I have seen in a dark face (blue/black) a Submarine Commander, and I believe I have seen this also in green.

Is there a series of the original 80's Komandirskie watches and should I be looking out for more and were they all in green or differing coulours such as the submarine Ive seen?

I'd like to concentrate on a certain selection of Vostok and these Komandirskie's fit the bill nicely for me.

Any info you can give would be a great help. Thanks in advance.

Richard.


----------



## blackandgolduk (Apr 25, 2005)

There's a 'core' of Vossie designs - the two that you have, the sub commander and the Amphibia with the little diver motif (my favourite!) as well as a couple of plain dial 'military' designs. These are normally found in black, blue and green.

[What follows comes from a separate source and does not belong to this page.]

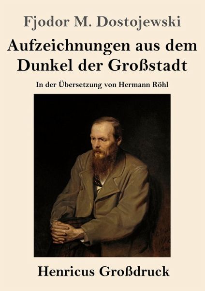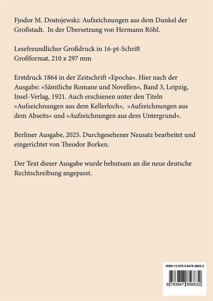 Fjodor M. Dostojewski: Aufzeichnungen aus dem Dunkel der Großstadt. In der Übersetzung von Hermann Röhl Lesefreundlicher Großdruck in 16-pt-Schrift Großformat, 210 x 297 mm Berliner Ausgabe, 2025 Durchgesehener Neusatz bearbeitet und eingerichtet von Theodor Borken Erstdruck 1864 in der Zeitschrift »Epocha«. Hier nach der Ausgabe: »Sämtliche Romane und Novellen«, Band 3, Leipzig, Insel-Verlag, 1921. Auch erschienen unter den Titeln »Aufzeichnungen aus dem Kellerloch«, »Aufzeichnungen aus dem Abseits« und »Aufzeichnungen aus dem Untergrund«. Der Text dieser Ausgabe wurde behutsam an die neue deutsche Rechtschreibung angepasst. Gesetzt aus der Minion Pro, 16 pt. Henricus - Edition Deutsche Klassik GmbH

Then it gets tricky! Vostoks were manufactured with literally hundreds and hundreds of 'commemorative' dials. Many have been catalogued by enthusiasts, but I don't think anyone knbows exactly how many were made!

Here are mine... I love them!


----------



## chris l (Aug 5, 2005)

Some of mine...


----------



## Johnny M (Feb 16, 2007)

And here's my Vostok Amphibia Military










I also have a Kommandirskie Submarine and two others en route. There's something addictive about them!


----------